AT 8 a.m. in Kinsale, Co Cork, yesterday Dick Spring was not getting involved in the Bruton Ahern bun fight. But by 3.30 p.m. when he held his press conference in Cork, things had changed.
He supported the Taoiseach's assessment of Mr Ahern because questions needed to be answered and the Opposition leader needed to come out of hiding. Mr Ahern, said Mr Spring, was having a soundbite campaign, bobbing around the State. But that was no substitute for substantive debate.
It appears that the Tanaiste and the Taoiseach agree Mr Ahern will be the target for the rest of this election campaign.

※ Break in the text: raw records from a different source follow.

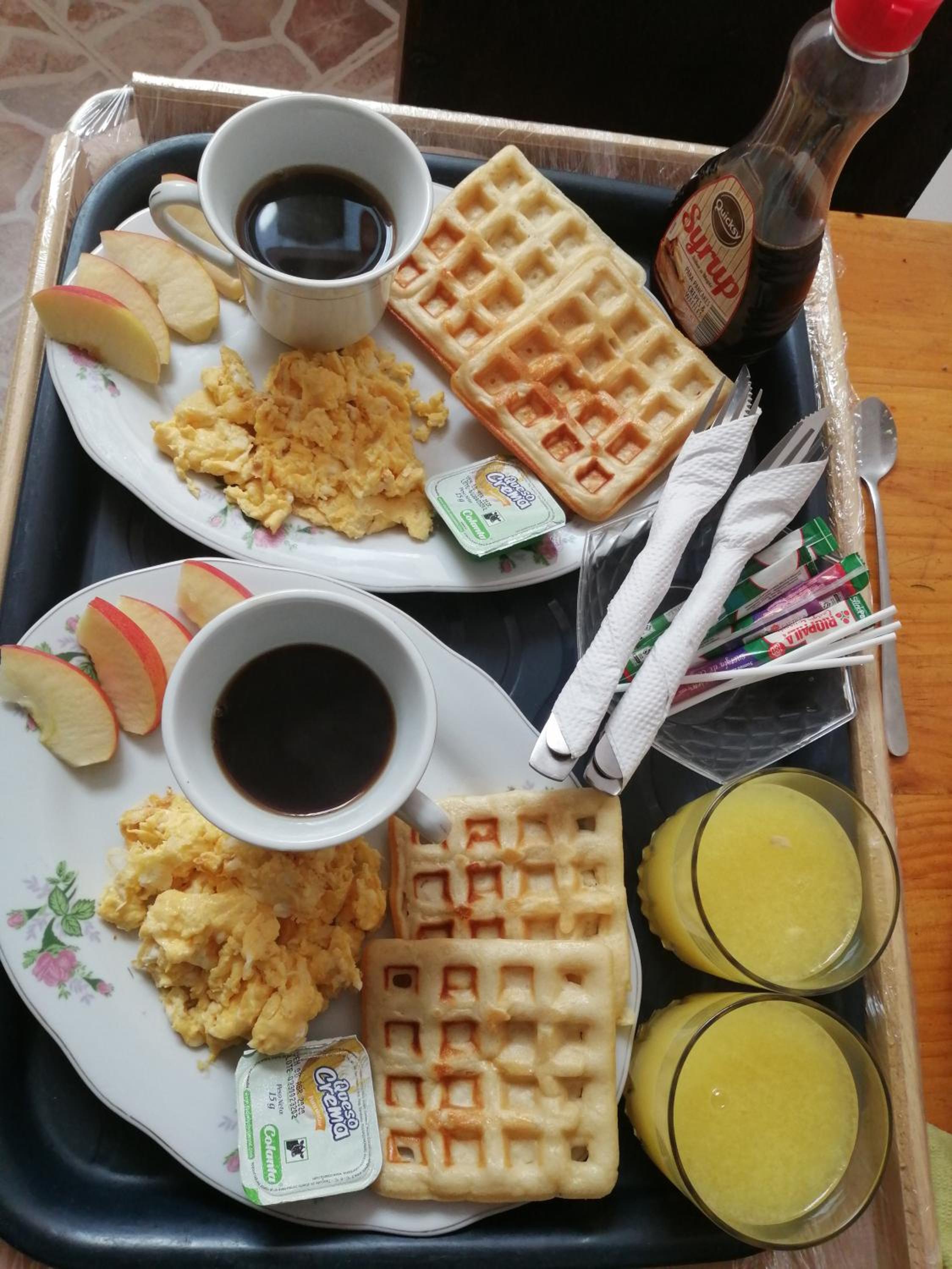 El desayuno un poco escaso, no te comentan que tiene en total para desayunar, no cuentan con mermelada, solo huevos y arroz con porotos. El café te lo sirven en vaso de plástico.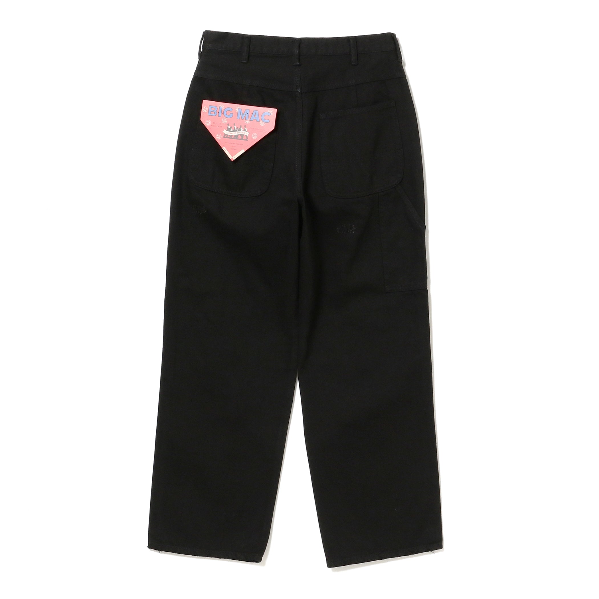 完全新型の後染めリペアペインターパンツを製作。歴代の所有者がリペアを繰り返して着用し、リペアを経た後に後染めしたイメージで、リペアをした上から後染めを施したスペシャルなひと品です。リペアのステッチのみ、ボディと少しだけブラすことで程よくアクセントになるように。ボディのステッチは同色で、トップボタンやリベットが活きるように仕上げました。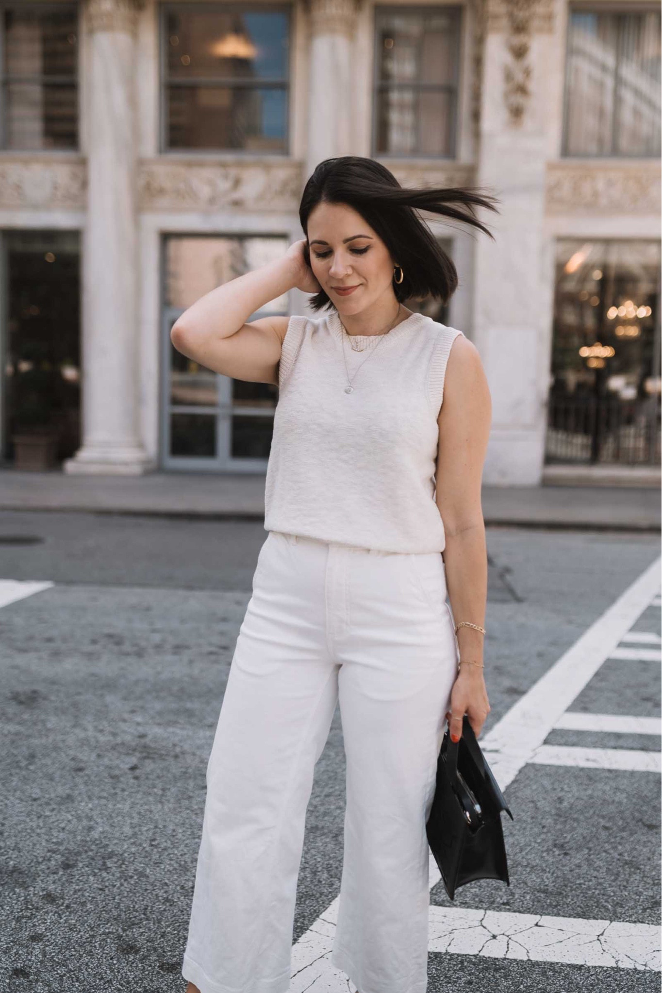 The monochromatic palette exudes a timeless elegance, with the high-waisted white trousers elongating the silhouette. The sleek black top adds a modern touch, complemented by minimal accessories for a chic, polished look.
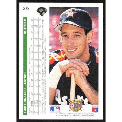 This is a 1992 Upper Deck Luis Gonzalez baseball card. The card is #372 and pictures show condition.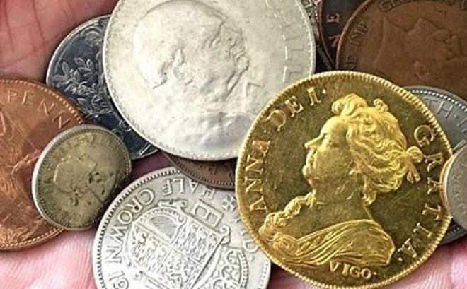 Không thể tin được, đây chính là đồng xu hiếm nhất nước Anh. 2 mặt của đồng xu đều có được in hình đặc biệt gồm hình Nữ hoàng Anne Vigo ra đời vào năm 1702.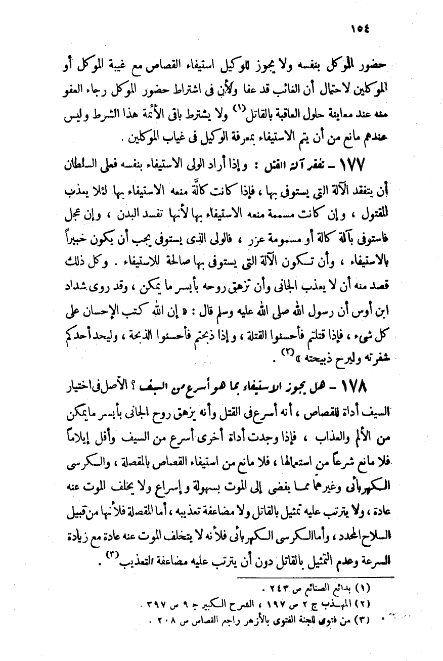 177- تفقد آلة القتل: وإذا أراد الوالى الاستيفاء بنفسه فعلى السلطان أن يتفقد الآلة التى يستوفى بها، فإذا كانت كالَّة منعه الاستيفاء بها لئلا يعذب المقتول، وإن كانت مسمومة منعه الاستيفاء بها لأنها تفسد البدن، وإن عجل فاستوفى بآلة كالة أو مسمومة عُزِّر، فالولى الذى يستوفى يجب أن يكون خبيرًا بالاستيفاء، وأن تكون الآلة التى يستوفى بها صالحة للاستيفاء. وكل ذلك قصد منه أن لا يعذب الجانى وأن تزهق روحه بأيسر ما يمكن، وقد روى شداد بن أوس أن رسول الله - صلى الله عليه وسلم - قال: "إن الله كتب الإحسان على كل شئ فإذا قتلتم فأحسنوا القتْلة، وإذا ذبحتم فأحسنوا الذِّبْحة وليُحدَّ أحدكم شفرته وليُرحْ ذبيحته" (¬2) .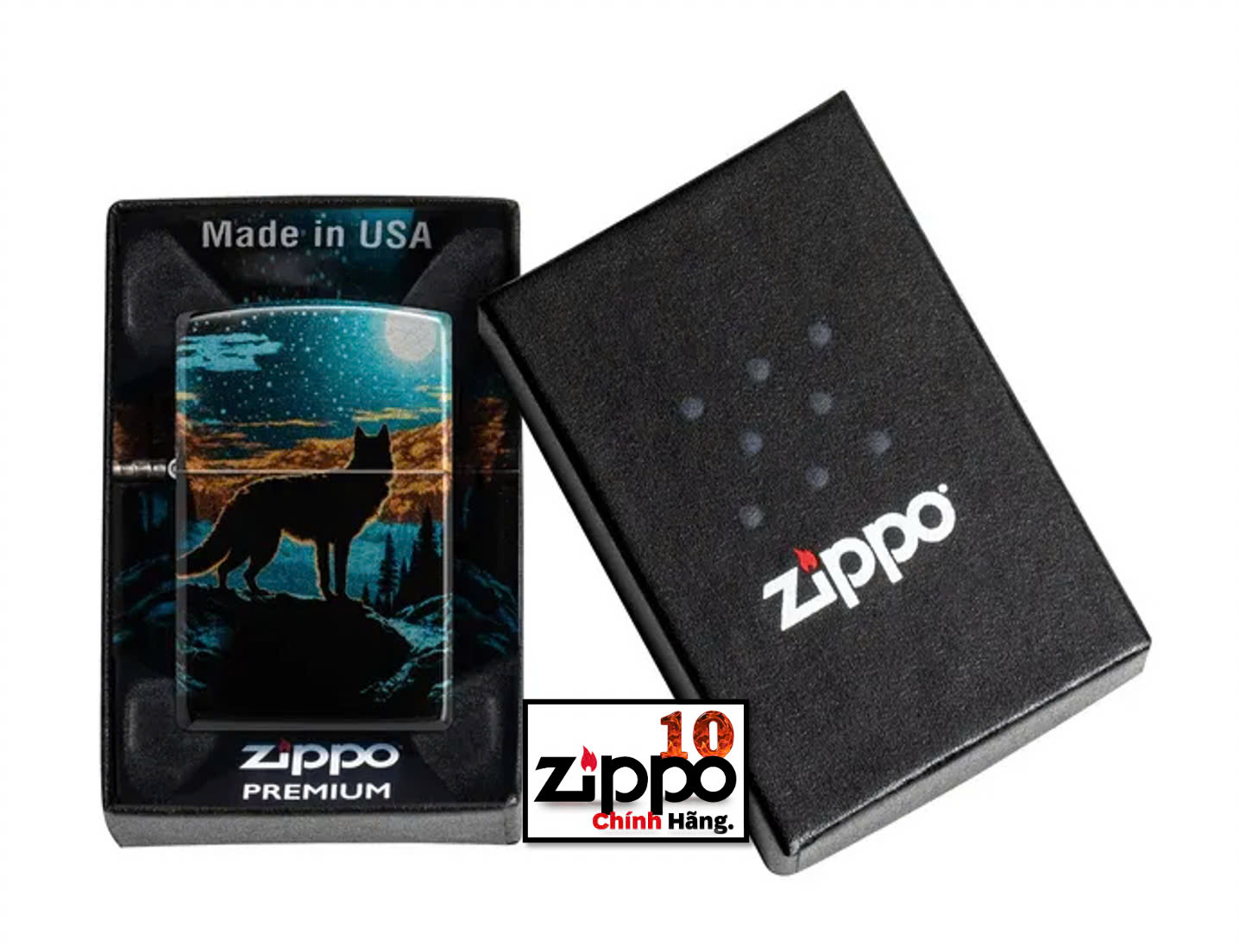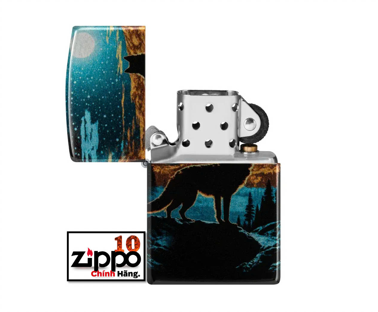 Một con sói đơn độc nhìn chằm chằm vào quang cảnh dưới ánh trăng trên chiếc bật lửa Tumbled Chrome cổ điển này với thiết kế 540 Fusion rực rỡ. Được đóng gói trong hộp quà tặng. Để có hiệu suất tối ưu, hãy đổ đầy nhiên liệu bật lửa Zippo.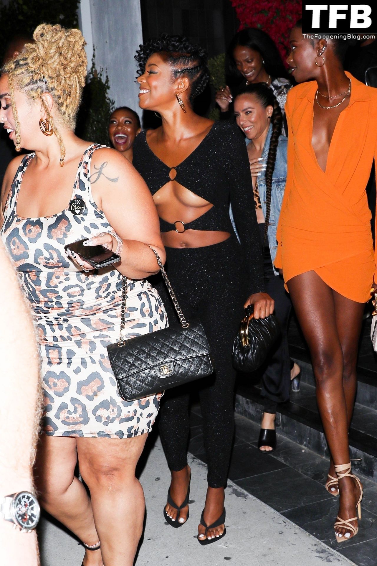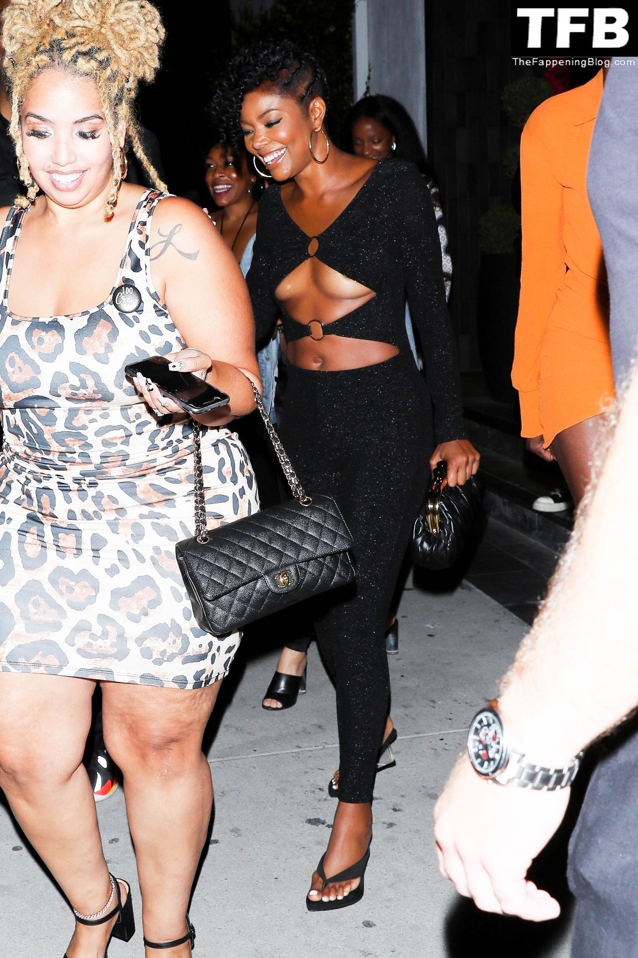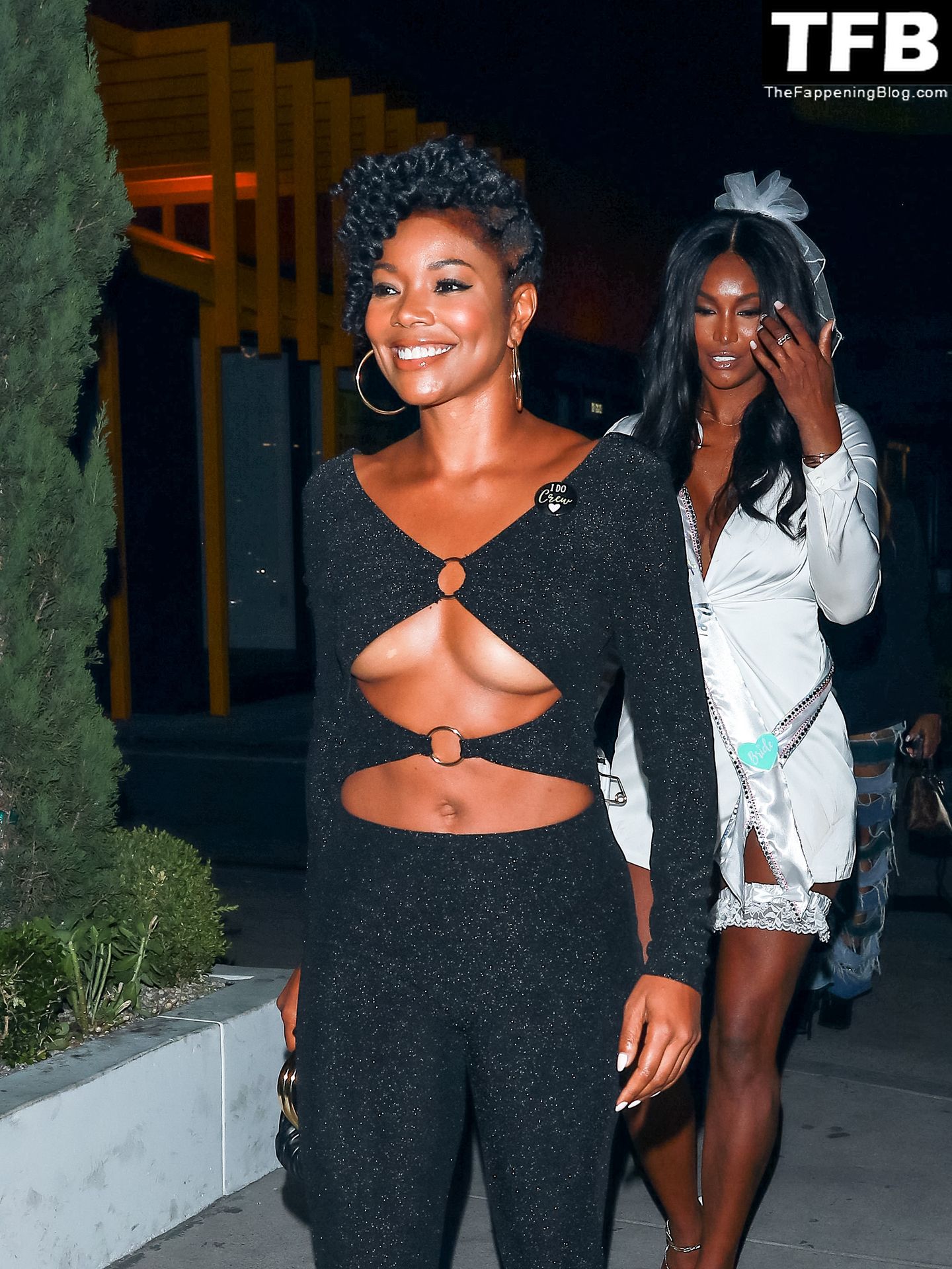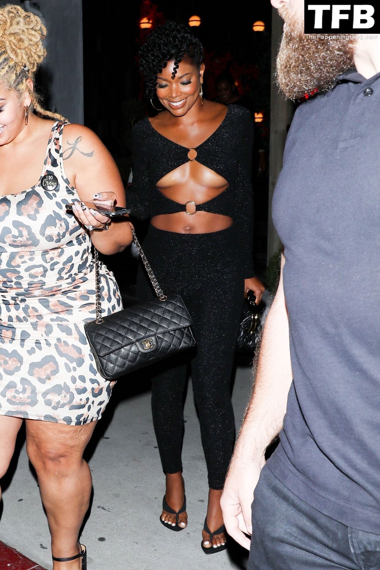 Gabrielle Union está toda sorrisos ao ser vista saindo do recém-inaugurado restaurante Catch Steak LA com suas amigas em Los Angeles, 24/07/2022.

Earlier in the day, Mr Bernard Allen, the Minister of State for Sport, rang local radio in Cork to say that Mr Bruton's remarks on Mr Ahern's fitness for office were not personalised insults but an objective assessment.
Mr Spring had also come around to this view. "Urgent answers are needed to pressing questions. Bertie's campaign is beginning to be increasingly reminiscent of the style that President Reagan used to adopt when he didn't want to answer questions, pretending not to hear them ...
"I said last week, and I repeat, that any combination of his policies with those of the PDs would lead to a meltdown in public and community services. It will not be possible to retain a civilised approach to community life if all of Ireland's resources are to be devoted to huge tax reductions for people who are already better off."
The election campaign, Mr Spring added, had not been reduced to a slagging match between the Rainbow Coalition and the potential opposition government. But there were serious questions to be answered by both Mr Ahern and Ms Harney and there wasn't much time left for them to do it.
He wanted to know where Mr Ahern stood on the privatisation of the VHI and a host of other companies and services, as proposed by the PDs.
It was time, the Tanaiste said, "for Bertie to stop running". The Republic could not risk a return to the two tier Thatcherite society so favoured by the PDs and daily reassurances from Mr Ahern about how harmless Mary Harney really was ignored at least one other question of some importance.
That question was, he continued, the hiding place of Michael McDowell. Mr Spring wanted to know why the strident Mr McDowell had apparently disappeared from view during the campaign, whether he would be Mr Ahern's Minister for Finance in a Fianna Fail/PD coalition, and whether we would see him again before polling day.